The Berg - a Hiker's Paradise
The ‘Berg’ is the locals’ name for the Drakensberg, which forms a natural border with the small country of Lesotho. The gateway to the Berg is known as the Natal Midlands, a rural swathe famed for its pastoral quietness, extremely posh private schools and genteel, old-fashioned hospitality. The route through is accurately called the Midlands Meander – and meander is a great way of describing a pleasant road trip past fields dappled with horses, the craft breweries and pubs of Nottingham Road, and down-to-earth eateries.
An excellent overnight option – especially for foodies - is Cleopatra Mountain Farmhouse. Swaddled by the protective embrace of the central Drakensberg near a soaring peak known as Giant’s Castle, Cleo’s is one of those ‘where time has stood still’ establishments.
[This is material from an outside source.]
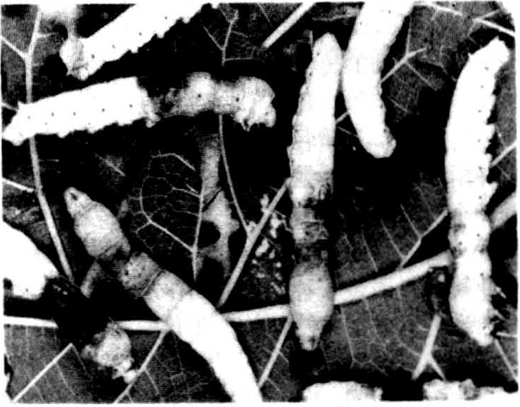 ①幼虫期病症:败血病虽因寄生细菌的种类不同而各有特征,但总的症状大致相同。首先停止食桑,运动呆滞,体躯挺直,继而胸部渐见膨大,胸脚伸直,腹脚后倾,腹部各环节收缩而中央部稍见隆起。排软粪或念珠状粪,濒死前往往吐出污液和排出黑褐色污液,最后侧倒死亡。初死时有暂时的尸僵现象,胸部膨大,头尾稍翘起而腹部拱出。几小时后尸体逐渐软化,体躯伸展,从此时起各种败血病因病原细菌种类不同而显现出特征。黑胸败血病在胸部背面或腹部第1至3环节出现墨绿色尸斑,很快扩展成前半身变黑(图1)。灵菌败血病蚕尸体变色较慢,有时在体壁出现褐色小圆点。随着尸体内组织的离解液化而逐渐全身变成嫣红色(图2)。青头败血病的病征因发病时期不同略有差异。5龄中后期发病的,死后不久胸部背部出现绿色透明的块状病斑,并在尸斑下出现气泡,故俗称泡泡蚕。但病斑并不变黑,经数小时后组织腐败,遗体呈土灰色(图3);5龄初期发病的胸部大多不出现绿色气泡。败血病蚕尸体最终都离解液化,仅剩几丁质外皮。体皮易破,流出恶臭污液。②蛹、蛾期病症:常见的败血蛹有两种。一种是急性败血蛹。发病迅速,蛹体变黑,液化扁瘪,不能拾起,体皮易破,流出恶臭的黑色或红色污液。另一种为慢性败血蛹。多为球菌感染引起,染病后背血管颜色逐渐加深直至黑褐色,然后延及全身,发病缓慢,死后尸体亦不迅速腐败。病蛾鳞毛污秽,活动力极差,翅不展振而极易折断和脱落,腹部先肿后瘪。发病快慢依感染细菌种类不同而有差异,快者一天之内死亡,也有在交尾中或在产卵时死亡的。死后腹内器官离解腐败,从环节间膜或鳞毛脱落处可透视腹内呈黑褐色或红色,最后化为污汁,仅剩头、胸、翅、脚等几丁质部分。病蛾很少产卵或不产卵。
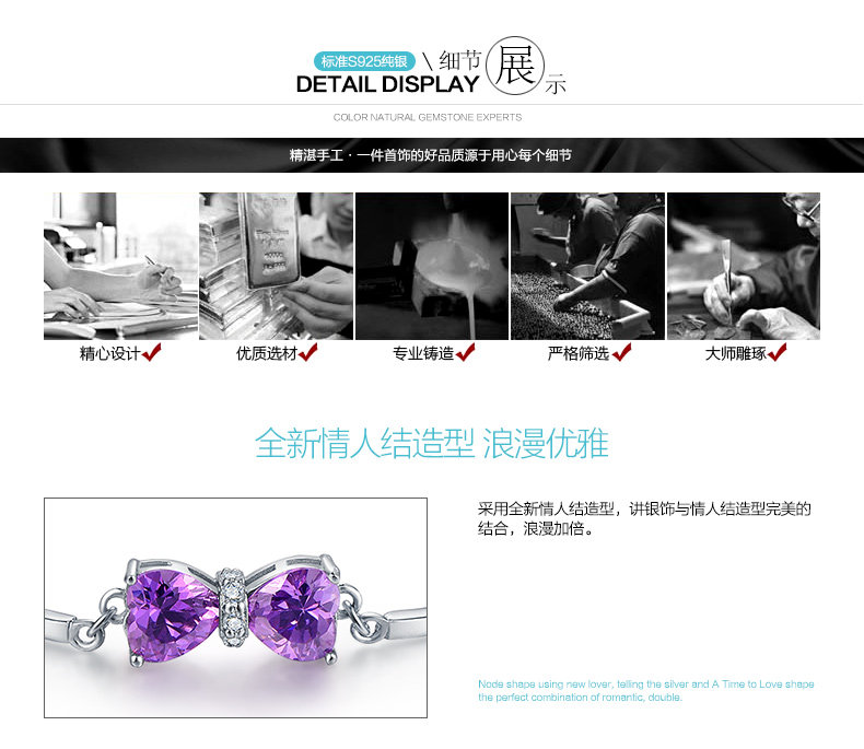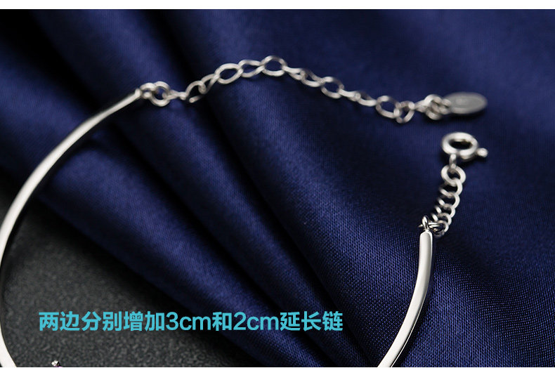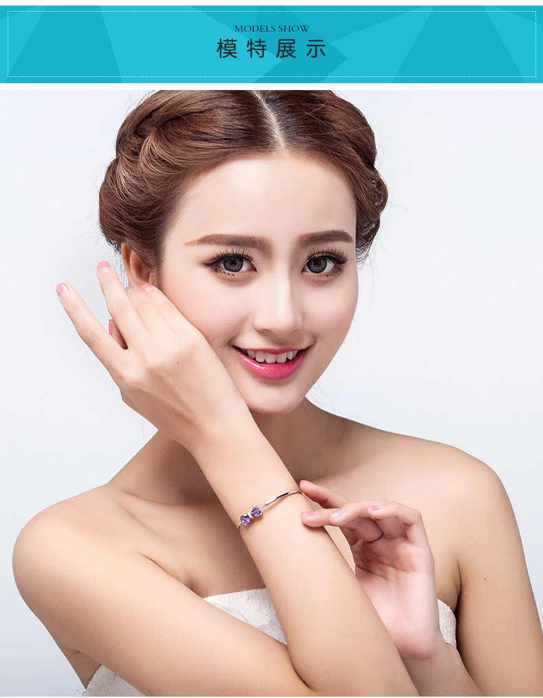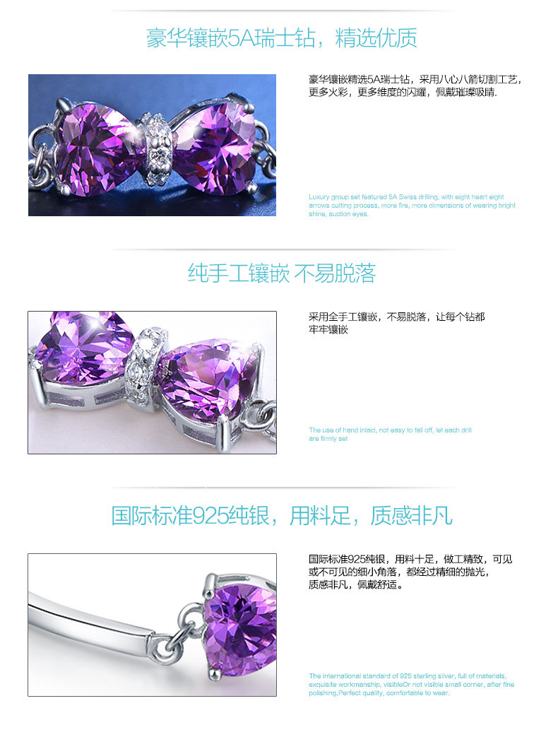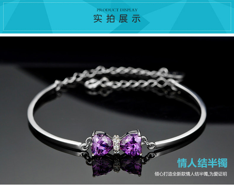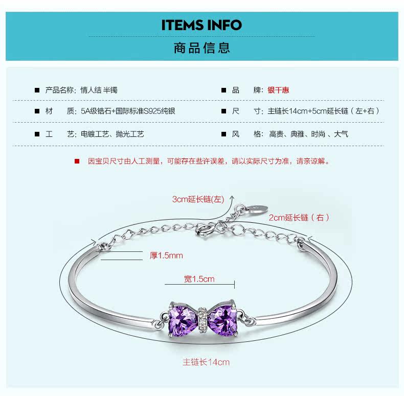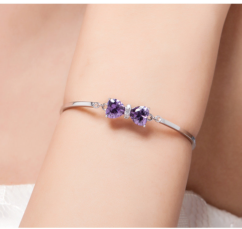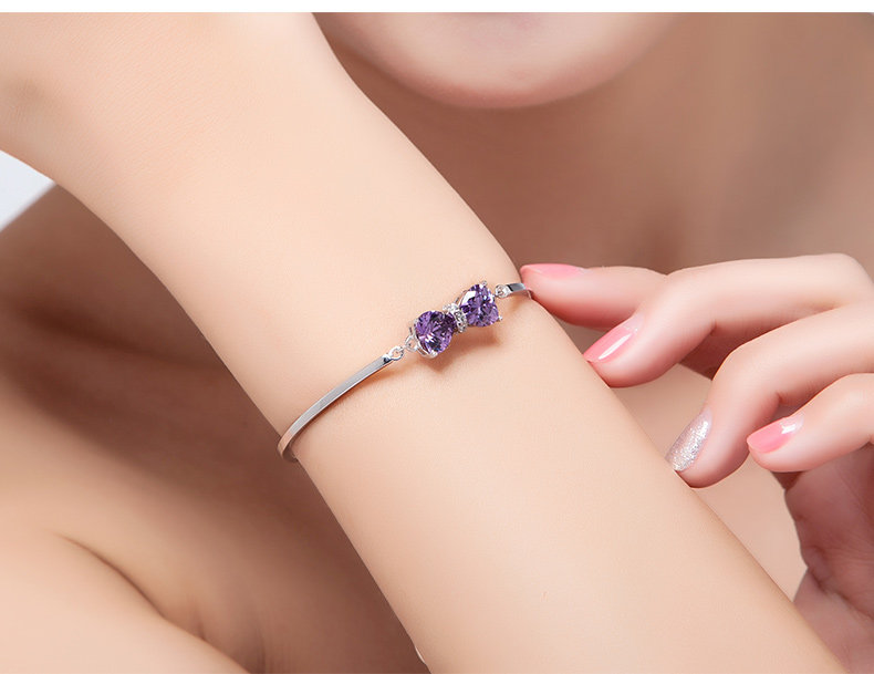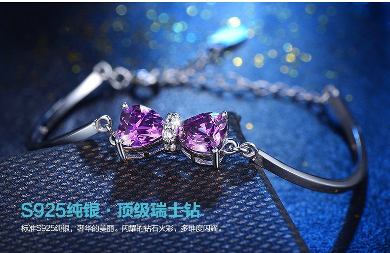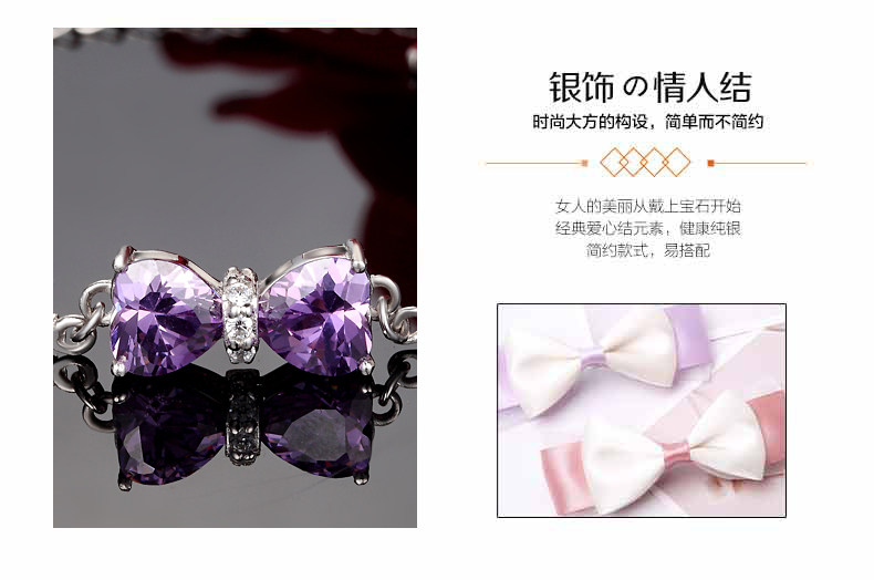 银千惠925银手链女紫色蝴蝶结银饰品 生日礼物女友

Meals are made from scratch, using dewy produce from the potager, and the owners will make sure your glass is always filled. Spend your days hiking, fly fishing or horse riding, breathing in the unblemished mountain air.
How to get there
For self-drivers, the Midlands Meander is not far from Durban but many of its road are still dirt and there are many stretches without street lights, making driving at night or in the rain hazardous. Go2Africa can easily arrive professional drivers who will take care of the transfers and save you the hassle of missing the beautiful scenery because your eyes are glued to your GPS!
The Battlefields - An Historic South African Site
From the central Berg, it’s an easy drive along a major highway to KZN’s Battlefields area. If you want to extend your experience of the Drakensberg, a good option is two nights at Three Tree Hill, a laidback lodge packed with Anglo-Boer military memorabilia. Its enviable position puts you within short drives of the astonishing Amphitheatre of the northern Berg – widely thought to be one of the world’s most impressive cliff faces – and Spionkop, a pivotal battleground in the Second Anglo-Boer War when the British army were routed in January 1900. The owners of Three Tree Hill are former guides and enjoy taking guests to on dawn nature walks and mountain-bike rides in search of the surrounding giraffe and other plains game.
But it’s not only the Boers who took on the British Empire: the Zulus did, too, at Rorke’s Drift and Isandlwana. Today, the clash of spear and rifle is recounted by skilled storytellers who evocative life in the 1870s when this was still very much frontier country. Fugitive’s Drift and Isibindi Zulu Lodge will provide you with comfortable beds, delicious meals based on South African staples and the magic of stepping back in history.
How to get there
Again, self-driving is possible and the N3 highway is in good repair for skilled and experienced drivers, although heavily tolled and very popular with long-haul truckers. Professional transfers will, however, allow you to arrive at your destinations relaxed and rested.
For a small region, KZN packs a punch and has good value accommodation, few crowds, incredible natural beauty and a diverse mix of cultures that make it unlike anywhere else in South Africa.